2.2.1 FP与年龄 胰腺内脂肪含量随年龄增长而增加, 在儿童和青少年时期, 胰腺脂肪累积的发生与胰腺总体积呈线性正相关关系[4], 在30-40岁时达高峰[26]. 但青少年之后的时期, 胰腺脂肪变的进展则不再依赖于胰腺总体积. 一项超声研究显示, 50岁后的大部分人群及80岁后的所有人群, 胰腺回声明显增强、超过肝脏[27]. 胰腺脂肪含量随年龄增加的原因可能为: 继发于胰腺脂肪浸润、胰腺损伤之后的血清脂肪酶水平下降[28].
2.2.2 FP与代谢紊乱相关疾病: 肥胖被美国医学会认定为一种疾病[29], 现已成为一种全球性疾病, 与伴随体脂过多的多种疾病及多个器官的异位脂肪沉积强烈相关, 包括MetS、T2DM、NAFLD、心血管疾病、多种肿瘤及这些疾病相关的死亡, 而且正在成为这些疾病发病率和死亡率的最主要原因. 代谢危险因素如高BMI, IR, MetS及其所有组分, T2DM及其进展, 糖尿病前期, NAFLD等均与胰腺脂肪含量增加及FP存在强烈相关关系[13,30-32]. 有研究显示, 50%-80%的非酒精性脂肪性肝炎(NASH)患者合并有FP[19,33], 因此认为肝脏脂肪变是FP的最强预测因子(OR = 14), 并且提示了FP与肥胖之间的强烈关联. 与不合并FP的患者比较, 合并FP的NAFLD患者具有更高的胰岛素抵抗指数(HOMA-IR)[10]. 因此, FP可能是MetS发展过程中的一个关键因素.

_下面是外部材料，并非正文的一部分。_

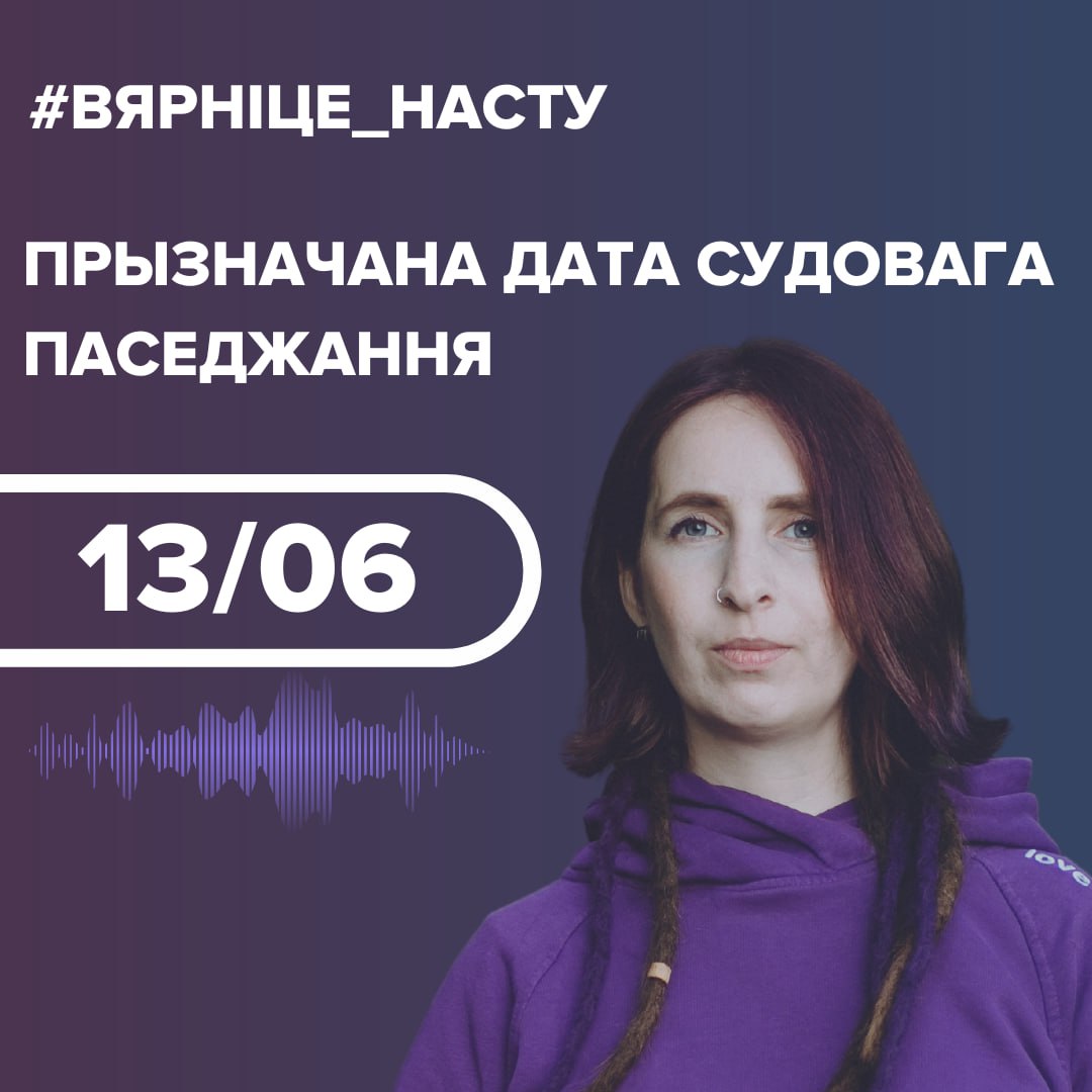 Справу праваабаронцы Насты Лойка пачнуць разглядаць 13 чэрвеня ў Мінскім гарадскім судзе. Працэс будзе весці суддзя Алена Шылько.
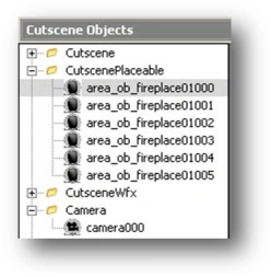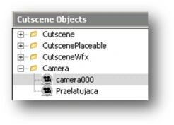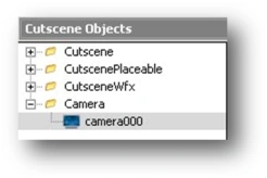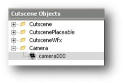 The camera has also been added in the Cutscene Objects window. A new tree has now appeared called Camera. Clicking it and it will expand and display the object camera000:

2.2.3 FP与内脏脂肪组织及心血管疾病风险: 还有研究认为, 与BMI比较, 内脏脂肪组织(visceral adipose tissue, VAT)与胰腺脂肪浸润具有更强烈的相关性[34]. FP与动脉粥样硬化相关, 合并纤维化的NAFPD, 动脉粥样硬化发生的风险增加, 而且是传统心血管疾病及代谢危险因素之外的独立危险因子, 低度慢性炎症可能为动脉粥样硬化的病理机制[18,32].
2.2.4 FP与急性胰腺炎: 多项研究提示, FP、BMI、肥胖及VAT均为加重急性胰腺炎结局的危险因素[35], 胰腺脂肪变合并急性胰腺炎可增强炎症反应, 对胰腺实质产生直接毒性效应, 与腺泡细胞邻近的脂肪浸润与胰腺实质损害的严重程度相关[36], 而且不同阶段的胰腺脂肪浸润与不同的急性胰腺炎严重程度相关[4,37], 因此FP是急性胰腺炎严重程度的危险因子, 发病机制可能与继发于某些有关的易感因素相关, 如胆结石, 恶性肿瘤, 高脂血症以及治疗MetS的一些药物[38]. FP合并急性胰腺炎的病理机制及分子机制需要进一步明确.
2.2.5 FP与胰腺恶性肿瘤: 人体及动物实验研究结果均提示胰腺脂肪沉积与胰腺恶性肿瘤/上皮内瘤变风险增加的正相关关系[16,39], BMI增加与胰腺癌正相关[40,41], BMI≥35 kg/m2的个体胰腺癌的患病风险增加45%, 而且女性腹围与胰腺癌呈正相关[42]. 原有FP背景的胰腺癌患者具有很高的死亡率. 发病机制可能有: 肥胖状态下IR、氧化应激以及脂肪细胞因子、促炎因子, 以及FP状态下脂肪细胞整体的增加促成了胰腺肿瘤的发生与进展[16,43].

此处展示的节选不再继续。